Scheme%20KAB14-1.png

Hazard and Risk Assessment
Hazard and Risk Assessment KAB14-1


Previous Related Experiments
TfOH catalysed PS* reaction to give PZQ (KAB3-12 to KAB3-16)

Following Experiments

Procedure
KAB5-2 (780 mg, 1.928 mmol) was dissolved in toluene (70 mL) before the addition of TfOH (3 drops, ~29 mg, 10 mol%). The pale yellow solution instantly turned a darker yellow following addition of the TfOH. The reaction mixture was left to stir at rt from 11:05.
Reaction mixture (<10 min)
Reaction mixture (4.5 hr)

Monitoring the Reaction Progress by TLC
Eluent: EtOAc/hexane, 1:1, v/v.
Stain: KMnO4
TLC of reaction mixture (1.5 hr)
TLC of reaction mixture (3 hr)

At 15:30 (+4.5 hours) the reaction mixture was concentrated under reduced pressure.

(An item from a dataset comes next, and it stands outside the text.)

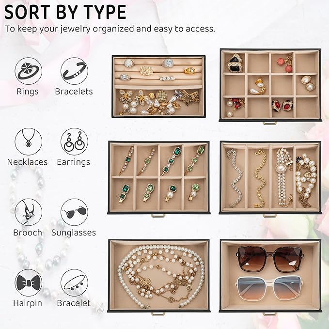 • 【PERFECT CAPACITY,JUST TOP LAYER CAN BE LOCKABLE】:With 6 versatile pull out drawers, this black jewelry box can store jewelry accessories, such as rings, earrings, necklaces, chains, bracelets, and so on. One deeper drawer is designed for large jewelries. For privacy,there have a key to lock the top layer

The yellow solution was loaded onto a silica gel column, which was then flushed with neat hexane to remove the residual toluene. The column was eluted with 20-100% EtOAc in hexane.
Loaded column

115 Fractions were collected and checked by TLC and stained with KMnO4. The following fractions were combined then concentrated under reduced pressure: 24-27, 28-34, 69-86, 95-105, 106-115.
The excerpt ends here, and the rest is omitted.